** Given information follows **

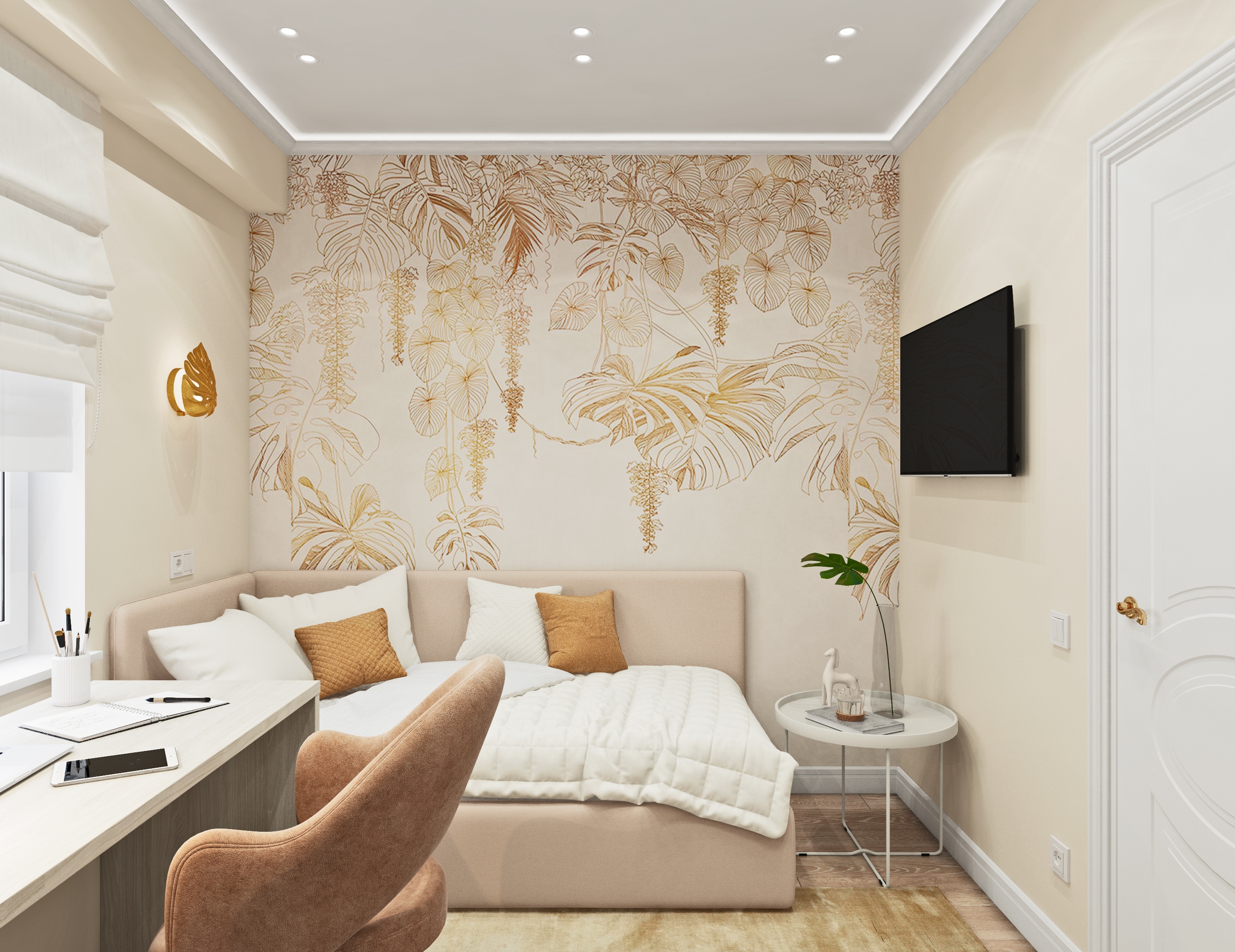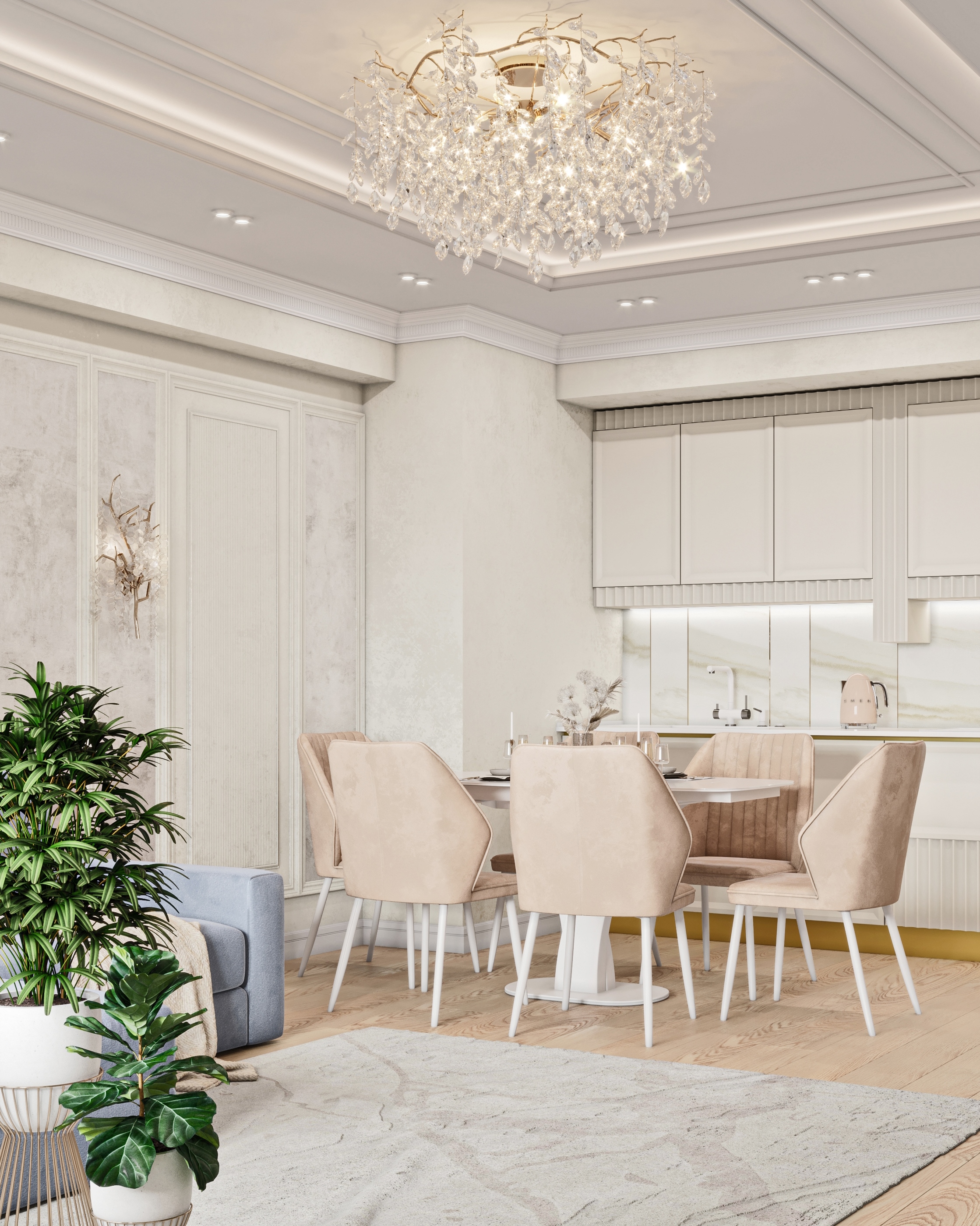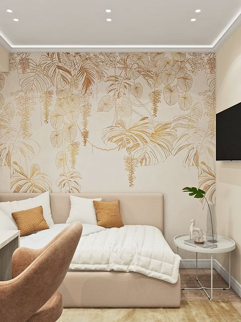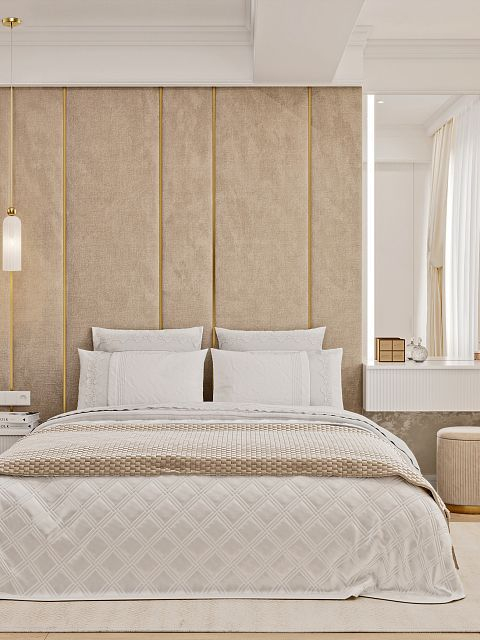 Нежная натуральная палитра цветов интерьера, растительные орнаменты, благородная и лаконичная мебель - все приятно глазу и гармонично.
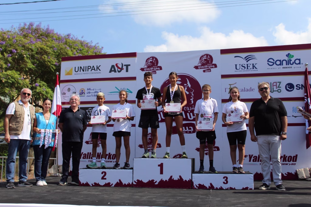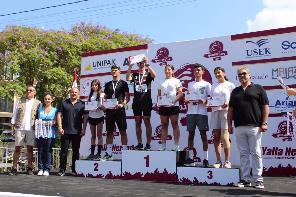 أمّا كلمة “مشروع وطن الإنسان – جبيل”، فألقاها المهندس يوسف فاكيه، الذي شكر الجميع على حضورهم ومشاركتهم في السباق، وخصّ بالذكر، تعاون بلديتي جبيل وبلاط- مستيتا – قرطبون والقوى الأمنيّة والإعلاميين والكشاف الماروني والصليب الأحمر والدفاع المدني والفريق الطبي ومستشفيات سيدة المعونات، سيدة ماريتيم وKMC، ودعم الرعاة الذين كانوا كثر هذه السنة، وهذا دليل على أن المؤسّسات الخاصّة والعامّة تقف الى جانب المبادرات التي تدعم الشباب اللبنانيّ والقطاع التربويّ والرياضة في لبنان.
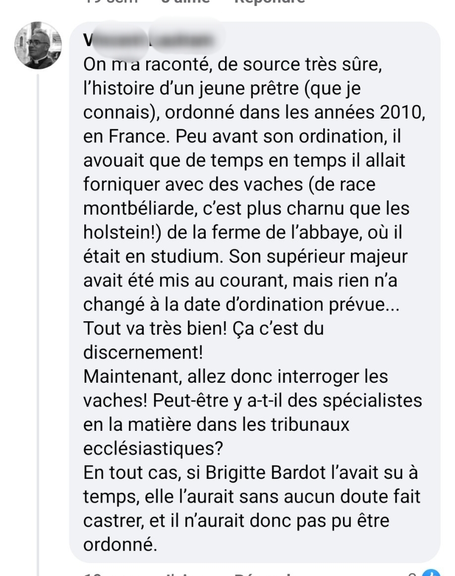 Un peu d’histoire ne nuit pas. Les pénitentiels des Ve – VIe siècles et plus signalent les péchés de bestialité et d’homosexualité, fort nombreux semble-t-il, compte tenu de l’importance / longueur des paragraphes qui leur sont consacrés, et pas seulement chez les clercs.
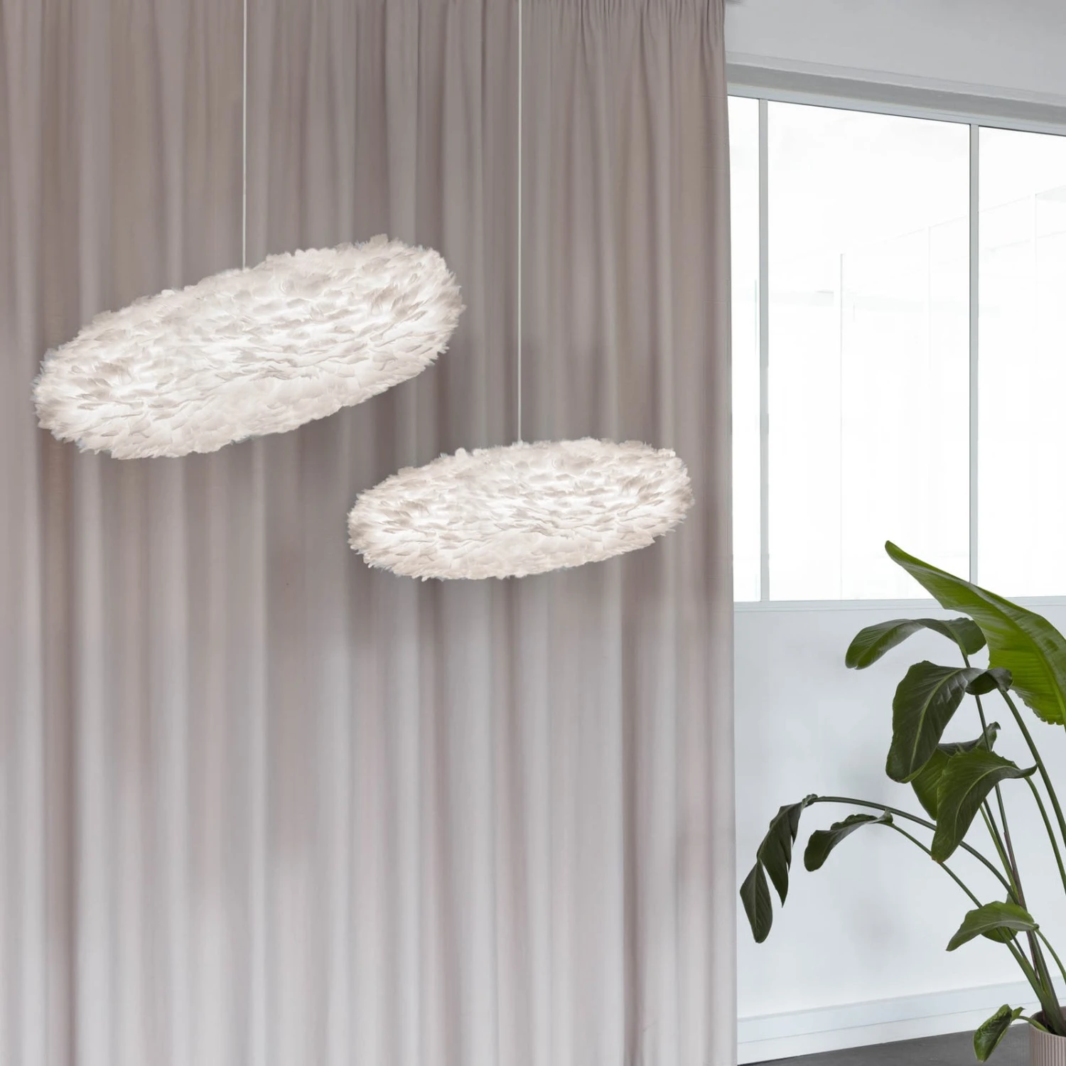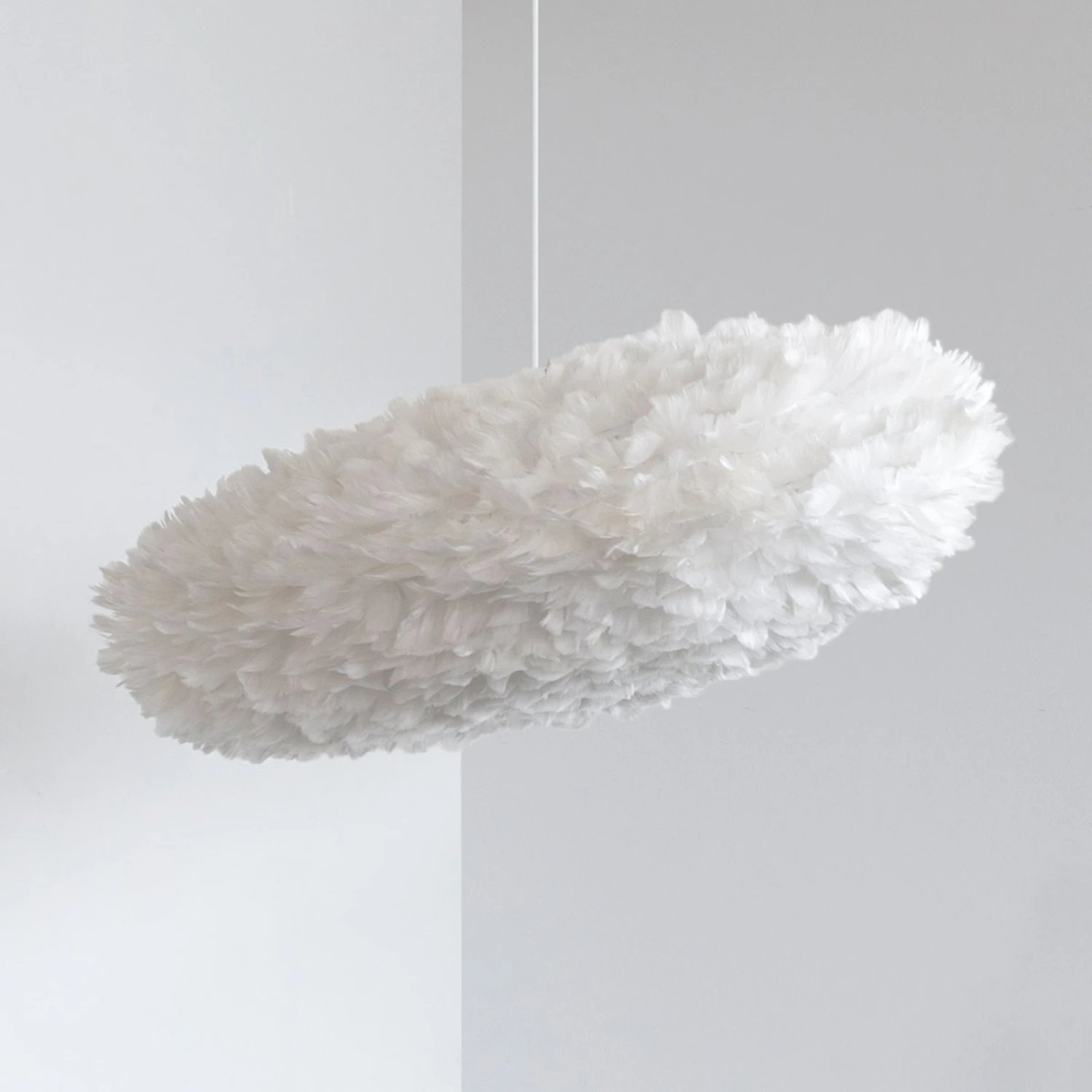 Die aus echten Gänsefedern bestehende Pendelleuchte Eos Esther erhielt ihren Namen aus der griechischen Mythologie. Eos ist die Göttin der Morgendämmerung und so erzeugte der dänische Designer Søren Ravn Christensen bei seinem Entwurf die Verbindung zu den Wolken, die am Himmel schweben – genauso wirkt die Leuchte Eos Esther auf den Betrachter. Eine Wolke, die Leichtigkeit, Reinheit und Zuversicht ausstrahlt. Eos Esther sorgt mit einem mitschwingenden Gefühl der Geborgenheit dafür, dass man sich wohl fühlt und der Raum freundlich erhellt wird. Ihre schlanke und elegante Form prädestiniert sie für einen Esszimmertisch, aber auch im Schlafzimmer sorgt sie mit ihrer Ausstrahlung für Wohlfühlmomente. Der Lichtstrahl tritt rundum in blendfreiem Schein durch die Federn hindurch und sorgt somit für ein angenehmes und stimmungsvolles Ambiente.
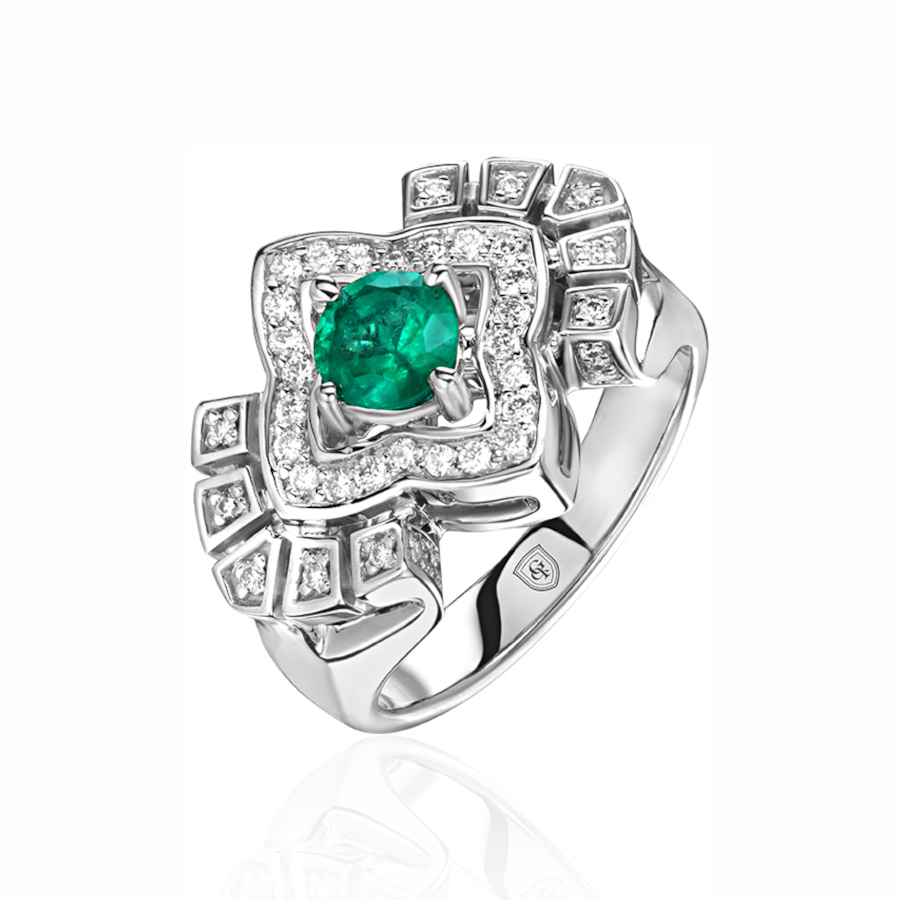Кольцо из белого золота 585 пробы с изумрудом и бриллиантами 01К6212948-1
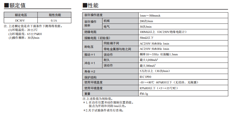采用按鈕動作式的歐姆龍超小型開關(guān) 歐姆龍超小型(高6×寬8×深4.2mm)、輕量(約0.3g)、3mm的長行程。 由于是滑動方式,所以短路、非短路的切換時間可根據(jù)使用用途進(jìn)行選擇。

** End of Given information **

• [Exercise goal]: Every line of the data above is to be set down exactly; the pictures are not.

• [Task answer]:
 Нежная натуральная палитра цветов интерьера, растительные орнаменты, благородная и лаконичная мебель - все приятно глазу и гармонично.
 أمّا كلمة “مشروع وطن الإنسان – جبيل”، فألقاها المهندس يوسف فاكيه، الذي شكر الجميع على حضورهم ومشاركتهم في السباق، وخصّ بالذكر، تعاون بلديتي جبيل وبلاط- مستيتا – قرطبون والقوى الأمنيّة والإعلاميين والكشاف الماروني والصليب الأحمر والدفاع المدني والفريق الطبي ومستشفيات سيدة المعونات، سيدة ماريتيم وKMC، ودعم الرعاة الذين كانوا كثر هذه السنة، وهذا دليل على أن المؤسّسات الخاصّة والعامّة تقف الى جانب المبادرات التي تدعم الشباب اللبنانيّ والقطاع التربويّ والرياضة في لبنان.
 Un peu d’histoire ne nuit pas. Les pénitentiels des Ve – VIe siècles et plus signalent les péchés de bestialité et d’homosexualité, fort nombreux semble-t-il, compte tenu de l’importance / longueur des paragraphes qui leur sont consacrés, et pas seulement chez les clercs.
 Die aus echten Gänsefedern bestehende Pendelleuchte Eos Esther erhielt ihren Namen aus der griechischen Mythologie. Eos ist die Göttin der Morgendämmerung und so erzeugte der dänische Designer Søren Ravn Christensen bei seinem Entwurf die Verbindung zu den Wolken, die am Himmel schweben – genauso wirkt die Leuchte Eos Esther auf den Betrachter. Eine Wolke, die Leichtigkeit, Reinheit und Zuversicht ausstrahlt. Eos Esther sorgt mit einem mitschwingenden Gefühl der Geborgenheit dafür, dass man sich wohl fühlt und der Raum freundlich erhellt wird. Ihre schlanke und elegante Form prädestiniert sie für einen Esszimmertisch, aber auch im Schlafzimmer sorgt sie mit ihrer Ausstrahlung für Wohlfühlmomente. Der Lichtstrahl tritt rundum in blendfreiem Schein durch die Federn hindurch und sorgt somit für ein angenehmes und stimmungsvolles Ambiente.
Кольцо из белого золота 585 пробы с изумрудом и бриллиантами 01К6212948-1
采用按鈕動作式的歐姆龍超小型開關(guān) 歐姆龍超小型(高6×寬8×深4.2mm)、輕量(約0.3g)、3mm的長行程。 由于是滑動方式,所以短路、非短路的切換時間可根據(jù)使用用途進(jìn)行選擇。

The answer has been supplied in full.